Taking another public service initiative to its logical conclusion, funds raised by the trust in the aftermath of the explosions on July 11, 2006, were disbursed on Monday at The Express Towers in Mumbai.
A K Jhingron, General Manager of Western Railway who handed out the cheques, said: “With the limitations that railways have, there is just this much that the railways could do. It is in the light of this that work by organisations like The Indian Express has helped the victims. We truly appreciate your efforts.”
Soon after the blasts, The Indian Express kicked off '187 Life Stories', a series recounting for readers how these unfortunate Mumbaiites had lived. Every day, for over six months, reporters wrote about the victims, poignant moments in their lives, little puzzles and big dilemmas they'd left behind and how families were coping with the loss of bread-winners.
On Monday, 12 of these families were handed cheques of Rs 2.2 lakhs each. Earlier, the Mumbai Blast Victims Relief Fund of The Indian Express had also helped settle one victim's housing loan, apart from facilitating contributions from generous readers for specific victims' families.

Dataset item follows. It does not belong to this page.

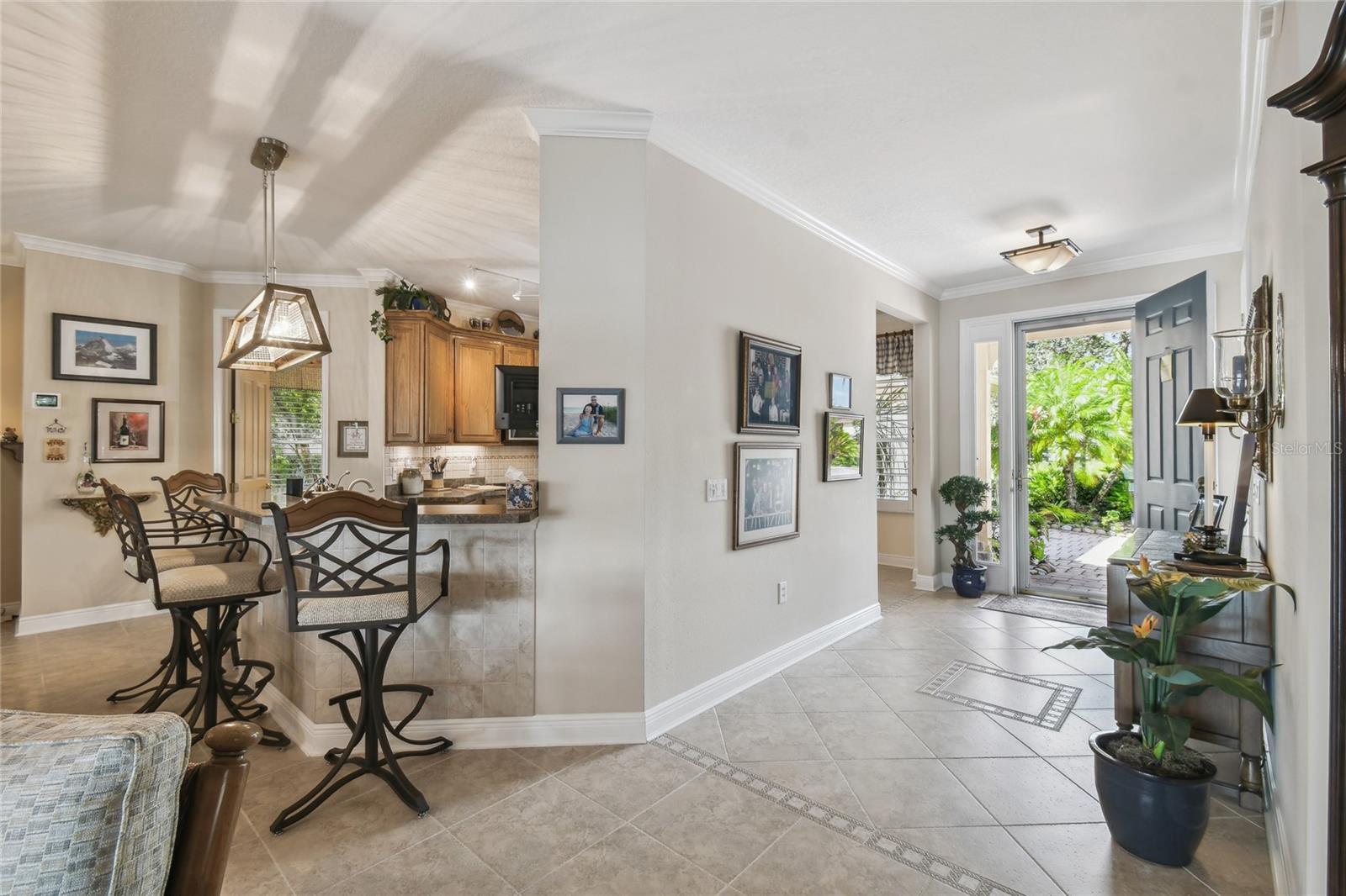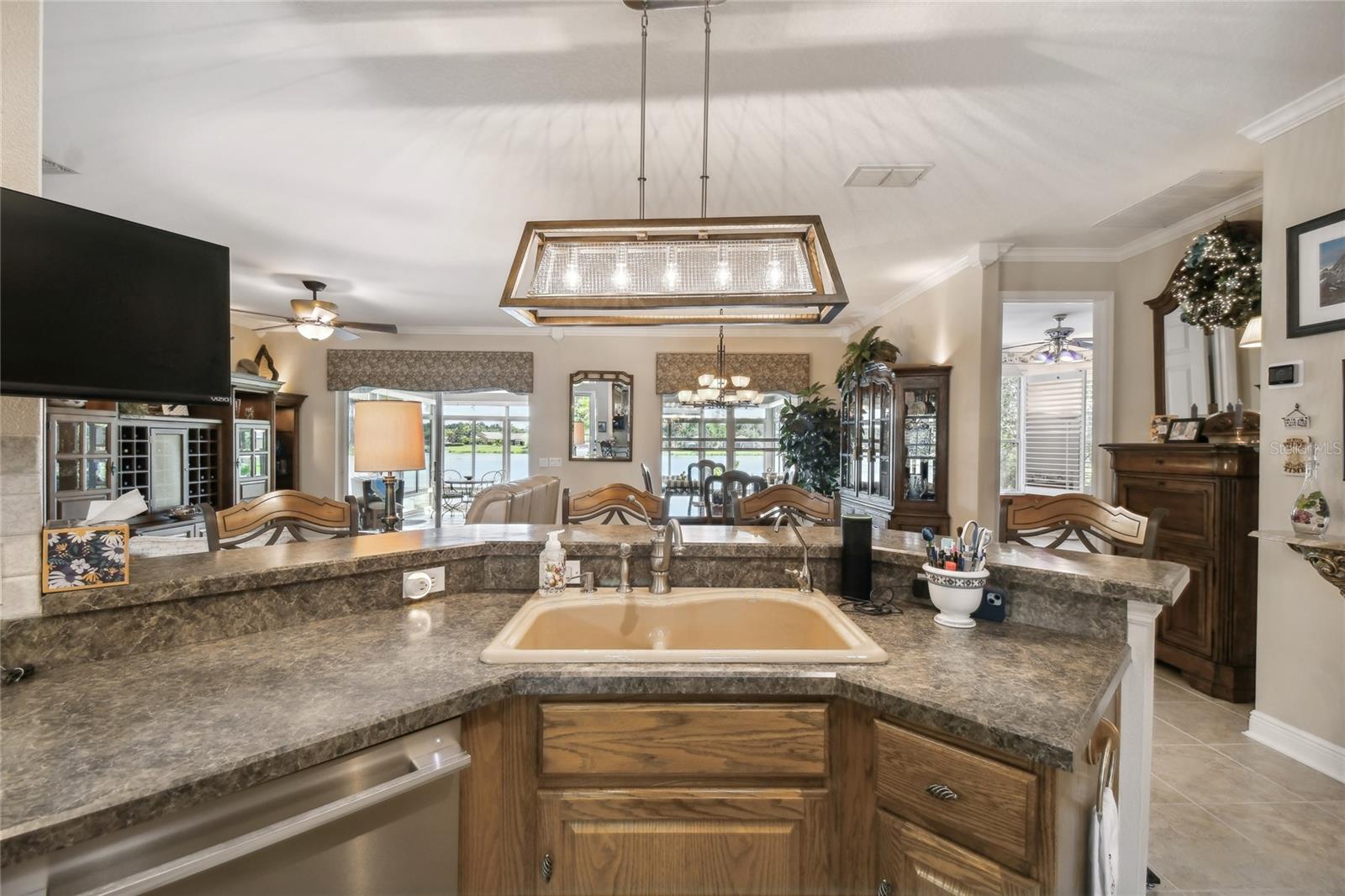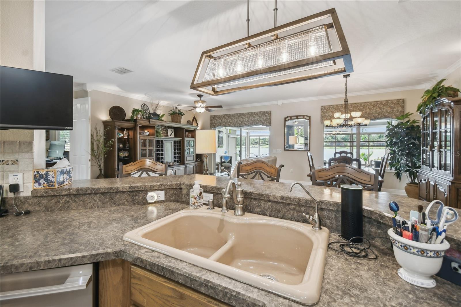 Stunning WATERFRONT Savoy model with breathtaking direct sight lines of the beautiful pond, featuring a 4 SEASON GLASS sunroom that adds an extra 500 square feet of cooled and heated living space. This serene extension is perfect for year-round enjoyment, blending nature with indoor comfort. This home has been meticulously maintained by the original owners, showcasing pride of ownership in every detail. NEW ROOF 2021,NEW HWH 2020 and NEW HVAC installed in 2018 with 10 year parts and labor warranty through 2028. MINI SPLIT in sunroom replaced 2022. Stepping through the front doors, you are immediately greeted by the beautiful water views, complemented by the bright and airy living room/dining room combination. Ceramic TILE FLOORS throughout main living space. LUXURY VINYL WIDE PLANK FLOORS in all bedrooms installed 2021. NO CARPETS in this home! Crown molding adds an elegant touch, and PLANTATION SHUTTERS on windows enhance the charm of this great home. The kitchen boasts 42-inch solid wood cabinets with both LOWER and UPPER pull-outs, newer STAINLESS STEEL APPLIANCES, over and under cabinet lighting, and a tumbled stone backsplash. Track lighting adds functionality to the space while a closet pantry provides ample storage for all your essentials. The oversized PRIMARY SUITE affords a SITTING AREA, perfect for use as an office space, with French doors providing direct access to the sunroom. The attached ENSUITE BATH includes a WALK IN SHOWER, a separate garden tub, DUAL SINKS, a vanity area, and TWO spacious walk-in closets. This split floor plan features two additional bedrooms with a Jack and Jill bathroom, offering convenience and ensuring privacy for both family and guests. The 4 season sunroom is an entertainer's delight, offering gorgeous views of the water. This warm and inviting space is perfect for family gatherings, wine nights with friends, or simply a tranquil spot to relax and enjoy nature in all its beauty. With the convenience of a MINI SPLIT HVAC system,(2022) it can be enjoyed year-round, ensuring comfort no matter the season. NEW RUBBER ROOF installed over sunroom addition in 2021. A separate laundry room includes an LG Wash Tower installed in 2021. Additional upgrades include two car garage with a 5' EXTENSION, LIFT MASTER GARAGE DOOR MOTOR( INSTALLED 2020) pull down attic stairs, utility sink and WHOLE HOUSE WATER SOFTENER. EXTERIOR PAINTED 2023. NEW MAILBOX 2024. Home features core foam fill insulation in exterior block walls and dual-pane windows. Situated across from a serene park setting with no neighbors in front!! ** Click on VIRTUAL TOUR link 1 to see MATTER PORT 3D VIDEO and virtually walk through this home. ** Solivita's amenities include: - a manicured SOFTBALL diamond & field - 36 holes of CHAMPIONSHIP GOLF that can be played by joining the Stonegate Golf Club or paying as you go - 2 STATE of the Art AMENITY centers with updated exercise equipment, yoga studio - 3 restaurants - 14 HEATED POOLS - 17 PICKLEBALL courts - 9 TENNIS courts -a BILLIARDS room - miles of bike paths - 2 DOG PARKS (Small & Large Dogs), Corn Hole ,Tot Lot PLAYGROUND - COMMUNITY GARDEN - over 250 resident clubs. *** Poinciana Lakes Plaza is a MAJOR NEW SHOPPING CENTER opening directly across from the Solivita Main Gate in Summer of 2024. It features Sprouts Grocery, TJ MAXX, Ross, Burlington, Rack Room Shoes, 5 Below, Ulta, Outback, First Watch, 5 Guys, Urgent Care, Dentist, TD Bank, Petco, Hair Cuttery plus MORE TO COME.***

For instance, when one little boy said his father had died without fulfilling his promise to buy a bicycle like the one Hrithik Roshan had in the superhit 'Koyi Mil Gaya' , a reader promptly got the boy the bicycle. Rehana Merchant, wife of 41 years to 72-year-old Shakeer Merchant who died in the blasts, said she still sometimes looks through her collection of clippings of the 187 Life Stories series in The Indian Express . “We can never forget what happened, and the series told us others were grieving as deeply too,” she said after the event.
Interacting with the families after distributing the cheques, Jhingron said that although the railways could not directly help blast widows in raising their children, Western Railway womens' organisations could intervene. He also promised to look into the requests of some of the widows-many of them now employees of WR on which all seven blasts took place.
“Immediately after the blasts, the railways reached out to the families of those who had died and ensured quick dispersal of the compensation amount. All expenses of those injured and admitted into hospitals across the city were taken care of during their period of hospitalisation,” said Jhingron.